A roboticist who brought machines out of the factory and into our living rooms, first with bomb-disposal bots and then with the Roomba vacuum.
Helen Greiner’s passion for robotics was sparked not in a corporate lab, but by the droids of Star Wars. She transformed that childhood fascination into a world-changing industry. While at MIT, she connected with Rodney Brooks and Colin Angle, and together they founded iRobot. Their first major successes were in life-saving applications: the PackBot, deployed by thousands of troops in Iraq and Afghanistan to defuse explosives, and the smaller, cheaper Ember, used to detect landmines. But Greiner’s most profound impact on everyday life came from a pivot to the domestic sphere. She championed the development of the Roomba, arguing that a useful household robot was not only possible but necessary to drive the industry forward. Its staggering commercial success did more than clean floors; it made robots a relatable consumer product. After iRobot, she continued to push boundaries with drone technology at CyPhy Works and gardening robots at Tertill, relentlessly pursuing her vision of a world where intelligent machines handle dull, dirty, and dangerous work.
1965–1980
The latchkey kids. Raised during divorce, recession, and the end of the Cold War. Skeptical, self-reliant, media-literate. They invented indie culture, grunge, and the early internet — then watched the Boomers take credit.

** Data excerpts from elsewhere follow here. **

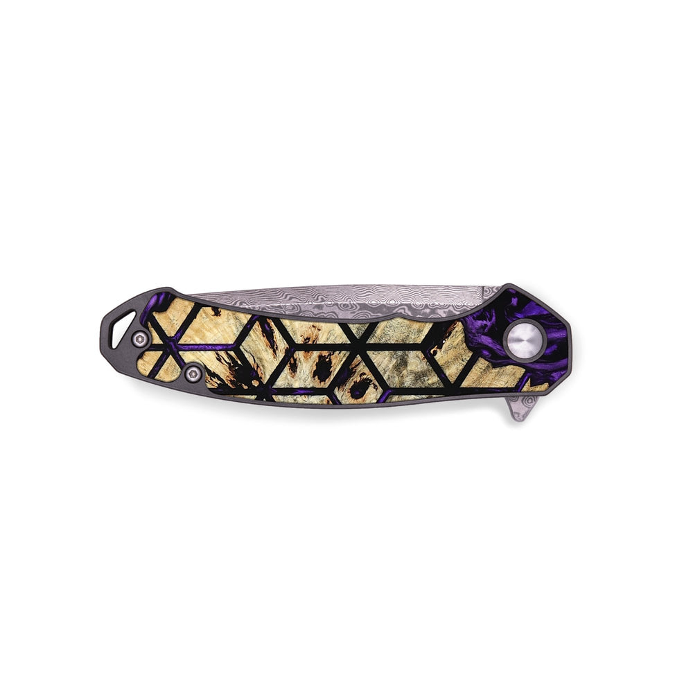 Experience the perfect blend of form and function with our durable folding pocket knife, featuring a lightweight titanium handle. The Damascus stainless steel blade is complemented by a unique wood burl and resin inlay. Imported blade and handle.
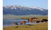 湖水系高山溶雪匯集而成,水深近百米,清純怡人。每到盛夏,湖周綠草如茵,繁花似錦,最為明艷。即使是盛夏天氣,湖水的溫度也相當(dāng)?shù)?,乘游艇在湖面上行駛,一陣陣涼風(fēng)吹來,暑氣全消,是避暑的好地方。
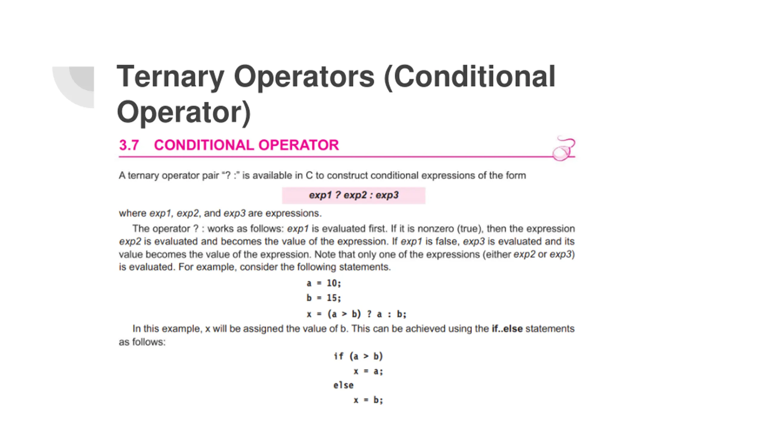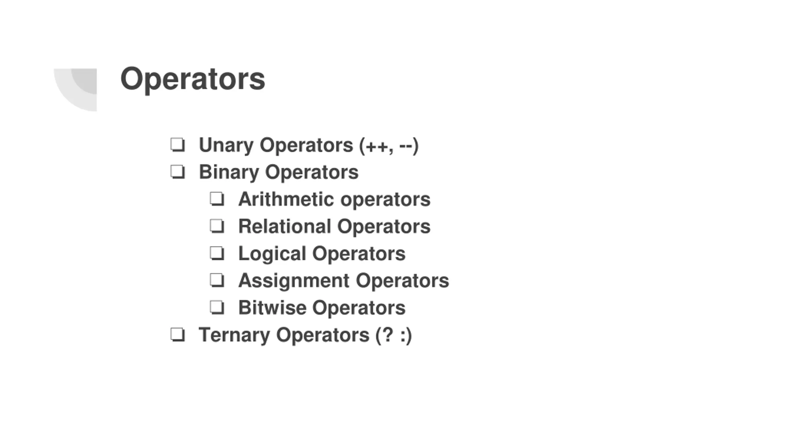 Operators Unary Operators (++, --) Binary Operators Arithmetic operators Relational Operators Logical Operators Assignment Operators Bitwise Operators Ternary Operators (? :)
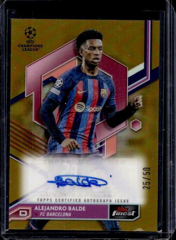 The Alejandro Balde 2022 Topps Finest UEFA Club Competitions #A-BA Autographs - Gold Refractor /50 card is 1 of 10 Alejandro Balde's card variations in the 2022 Topps Finest UEFA Club Competitions set being tracked by Sports Card Investor, including Autographs, Autographs - Blue Refractor /150, Autographs - Neon Green Refractor /99, Autographs - Neon Green Wave Refractor /99, and Autographs - Orange Refractor /25.
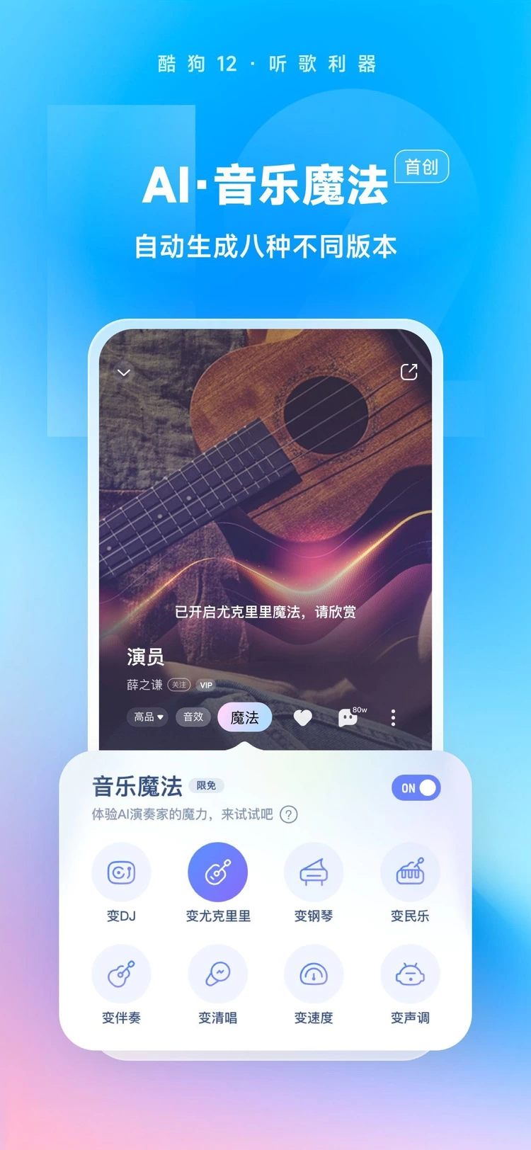 除了在视觉上解锁听歌“新姿势”,酷狗12首创的“AI音乐魔法”功能,还能将音乐自动生成为DJ风、尤克里里、钢琴、乐器、伴奏、清唱等八种不同版本。如果你希望在睡前听一些轻音乐,可以使用“变尤克里里”或“变钢琴”魔法,让你喜欢的歌一键变成纯音乐;如果你想要随时随地开趴蹦迪,可以使用“变DJ”魔法,让歌曲加上鼓点和合成器的律动节奏,一秒变成电音Remix。
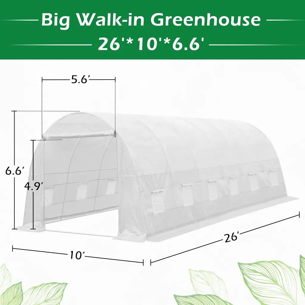 Erommy 26' Large Portable Greenhouse – Walk-In Plant Hot House For Gardening, White - 10'x26' - 10'x26'
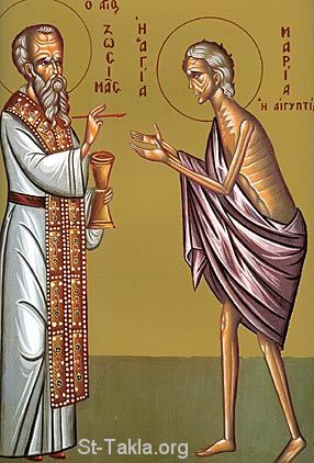 أيقونة يونانية تصور القديسة مريم المصرية القبطية التائبة مع القديس الأنبا زوسيما الفلسطيني.
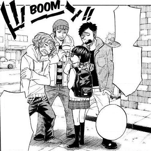 After getting her future told, being a pop quiz the next day, by Aiko she thanks her as she leaves the clubroom walking away.[3] After school ends, she walks home unaware that she is being followed by Aiko. She soon bumps into three delinquents, who informs her to watch where she's going and to apologize. They then notice The Masked JK, who attempts to stop the delinquents. She watches as she fights them, but soon begins to lose before The Masked DK comes and helps her. After the commotion is over, she walks away thinking to herself that it's better if she doesn't get involved with weird people.[4]
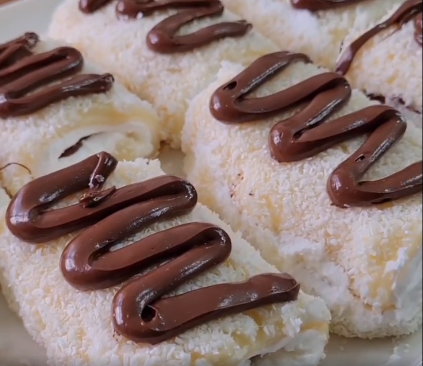 Süt şeker ve unu tencereye alalım iyice çırpalım daha sonra ocağı alalım sürekli karıştırarak koyulaşıncaya kadar pişirelim fokurdamaya başladığında 3,4 dakika daha pişirelim ve ocaktan alıp tereyağını ve vanilini ekleyip karıştıralım hindistan cevizini 40cm’lik tepsiye yayalım muhallebiyi üzerine aktaralım düzgünce yayalım ve 10 dakika dinlendirelim daha sonra buzdolabına kaldıralım tepsinin altı buz gibi olunca alalım 1 paket krem şantiyi 1subardağı süt ile çırpalım üzerine aktaralım dilimleyip üzerine 4,5 yemek kaşığı kahvaltı çikolatası aktarıp rulo yapalım 2,3 gün kalsa bile asla kırılma çatlama olmuyor hatta kağıt gibi tekrar açıp sarılabiliyor deneyecek olanlara şimdiden afiyet olsun.
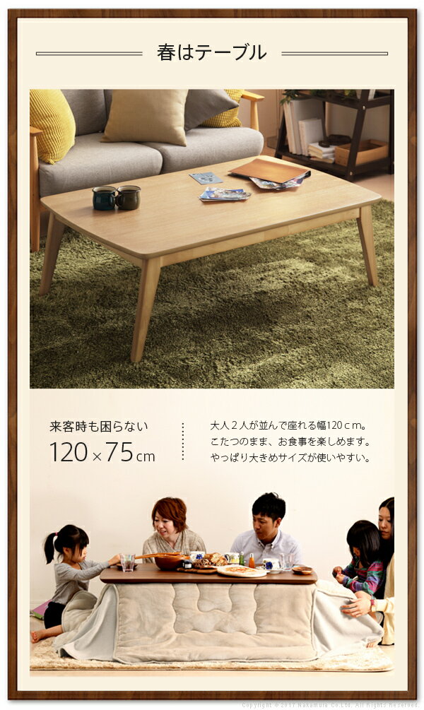 【セット構成】 こたつ本体x1 掛布団x1 【カラーバリエーション】 ■こたつ本体 ウォールナット(ブラウン)・オーク(ナチュラル) ■掛布団 レンガxブラウン・ベージュxグレー・グリーンxグレー・ネイビーxブラウン 【仕様】 ■こたつ本体 天板:天然木化粧繊維板(ウォールナット/オーク) 幕板・脚部:天然木(ラバーウッド) 石英管ヒーター(500W、中間スイッチ式) ◎一部組立 ■掛布団 表地:ポリエステル100% 裏地:ポリエステル100%(フリース) 撥水・防汚加工 【サイズ】 ■こたつ本体 幅120x奥行75x高さ39.5cm 重量:約20kg 天板サイズ:幅120x奥行75cm・厚み30mm・約11.8kg ■掛布団 サイズ:230x190cm・中綿:約980g やぐら面サイズ:120x80cm 株式会社ナカムラ(i-5700280)
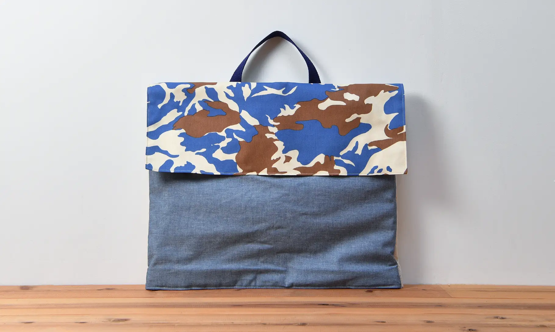 ふたの生地には「9081/サファリカモフラ」、本体の生地には「0673/無地/ダンガリー」をお選びいただいております。
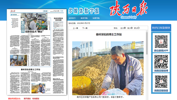 1月27日,《陜西日報》科技版以《秦嶺深處的博士工作站》為題,專題報道了我校與陜西森弗天然制品有限公司開展產(chǎn)學(xué)研合作,建立博士工作站,助力科技成果轉(zhuǎn)化,服務(wù)產(chǎn)業(yè)升級,帶動地方發(fā)展和鄉(xiāng)村振興的工作成果。
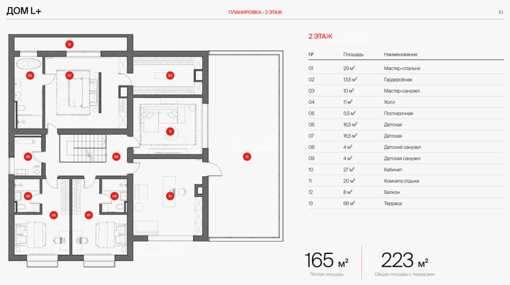 2-й этаж: холл, мастер-спальня, с/у,  2 ванных комнаты, 2 детские комнаты, комната свободного назначения, 2 терассы.
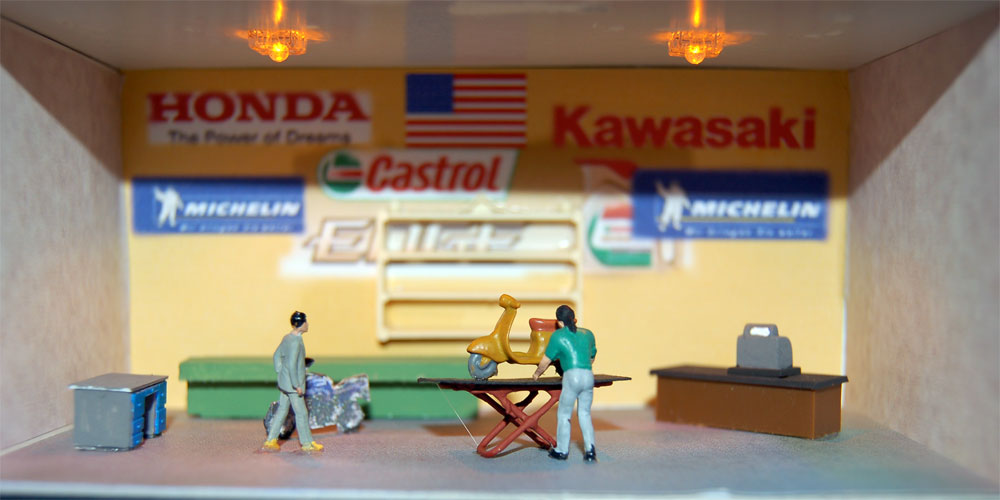 Damit die Innenbeleuchtung gut zur Geltung kommt, hat Ralf für einen Laden zwei gelbe und für den anderen zwei weiße LED Lampen angebracht. |
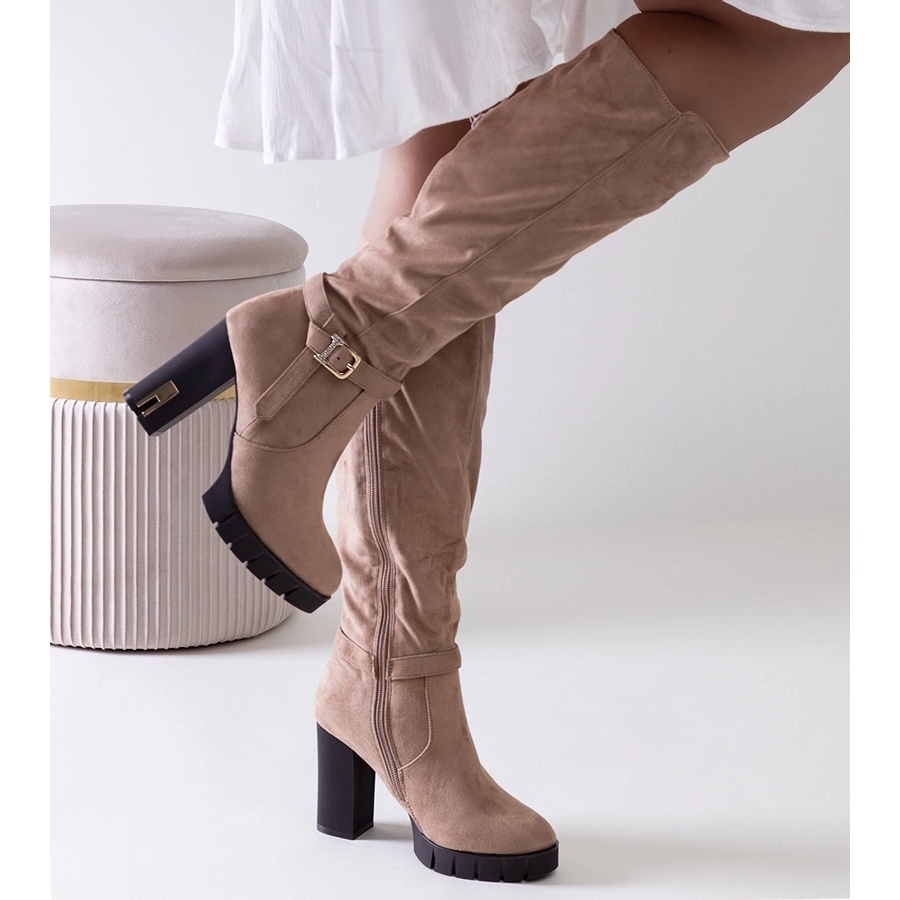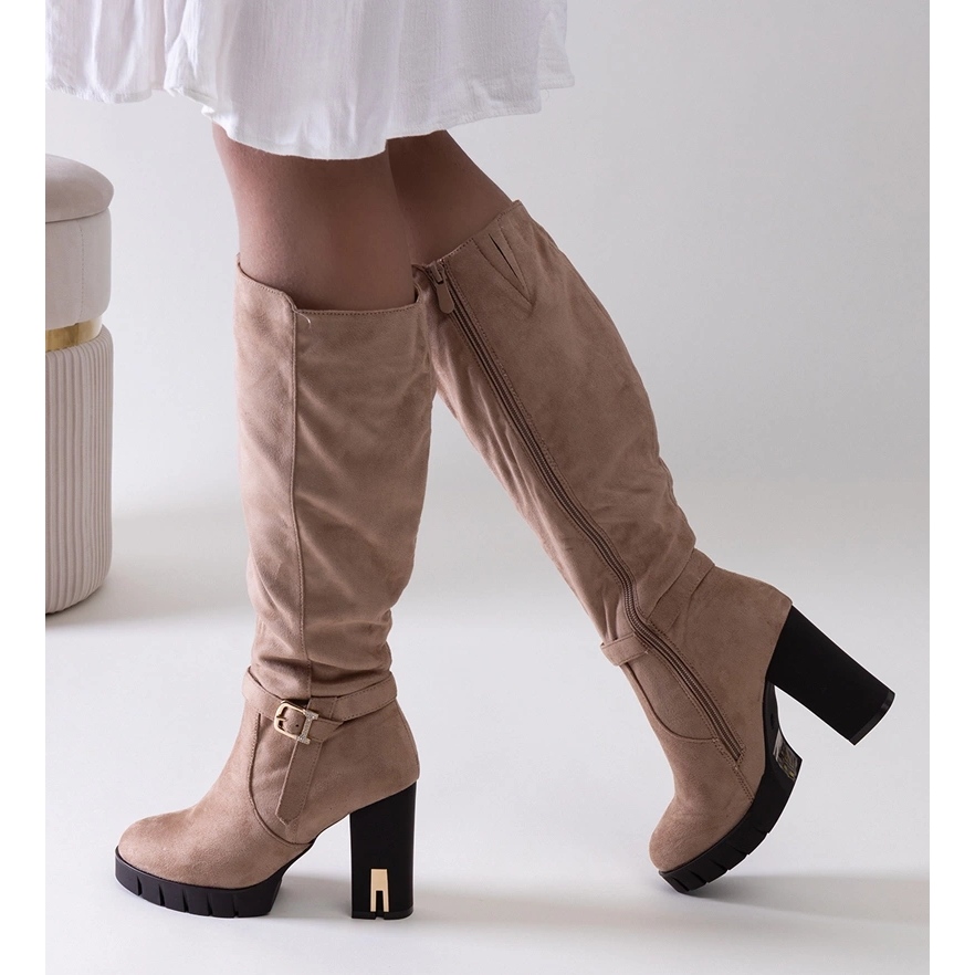 Détails: Bottes à talons hauts isolées beiges d'Alra
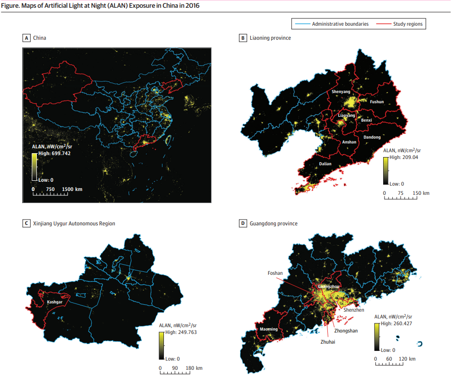 健康的睡眠对儿童身体发育和心理健康至关重要。目前的系统综述显示,我国儿童睡眠问题患病率约高达37.6%,已成为我国儿童青少年重大的公共健康问题。因此,识别导致睡眠障碍的影响环境因素,并对其进行有效干预具有非常重要的理论和现实指导意义。基于此,开云下注(中国)官网公共卫生学院董光辉教授团队在广东省、辽宁省和新疆维吾尔自治区(见图1)共选取14个城市55个行政区的201,994名儿童青少年,利用卫星图像评估了居住地址500m范围的室外夜光暴露,并进一步探讨了室外夜光和儿童青少年睡眠障碍及其亚型的关联性。
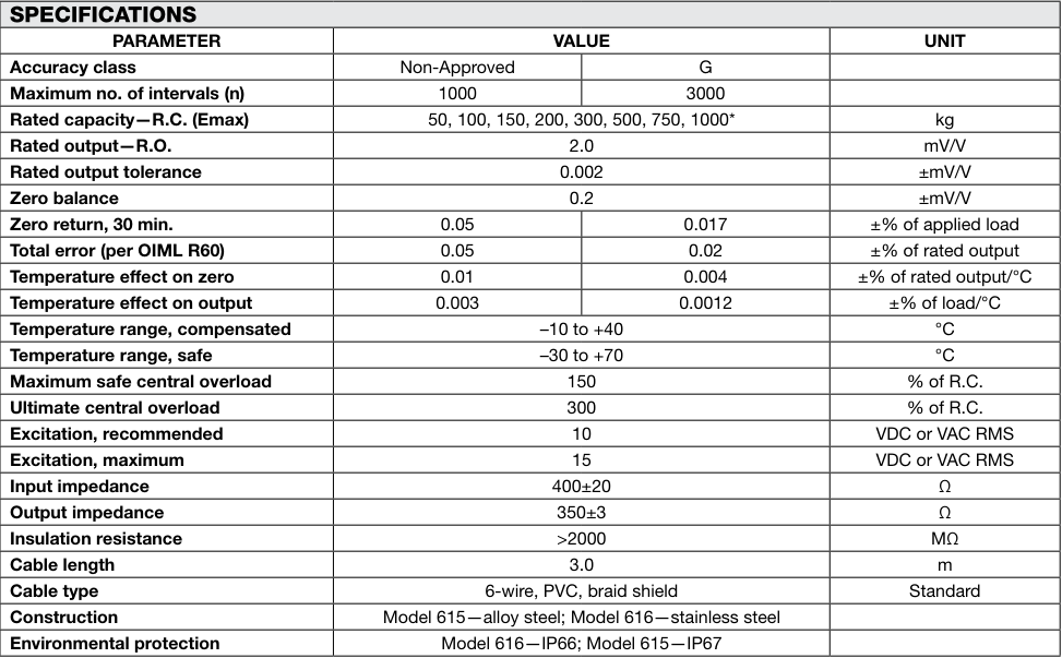 Tedea-Huntleigh特迪亞615系列技術(shù)指標(biāo)
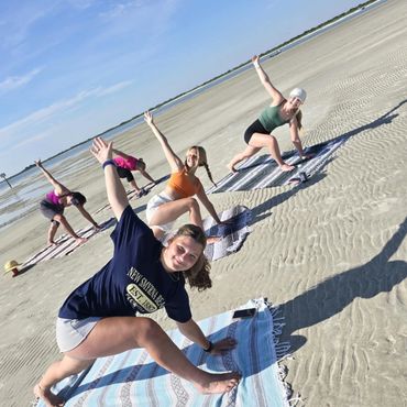 After savasana, stay, sip, and celebrate with mimosas on the sandbar, because relaxation should always come with a little sparkle ✨

Helen was born in 1967, placing them squarely in the Generation X. The events that shaped this generation — economic uncertainty, the end of the Cold War, and the rise of personal computing — shaped the world they entered and the choices available to them.
The biggest hits of 1967
#1 Movie
The Jungle Book
Best Picture
In the Heat of the Night
#1 TV Show
The Andy Griffith Show
The world at every milestone
Summer of Love in San Francisco; first Super Bowl
Watergate break-in; last Apollo Moon mission
John Lennon shot and killed in New York
Internet adopts TCP/IP, creating the modern internet
Live Aid concerts raise money for Ethiopian famine
Pan Am Flight 103 bombed over Lockerbie
Princess Diana dies in Paris car crash; Harry Potter published
iPhone released; Great Recession begins
#MeToo movement; solar eclipse crosses the US
She has testified before the U.S. Congress on the importance of funding robotics research.
She owns one of the original R2-D2 prop units from the Star Wars films.
She was named a "Technology Pioneer" by the World Economic Forum.
She served on the Army Science Board, advising the U.S. Department of the Army.
“I want to create the robot that I wanted to have as a kid.”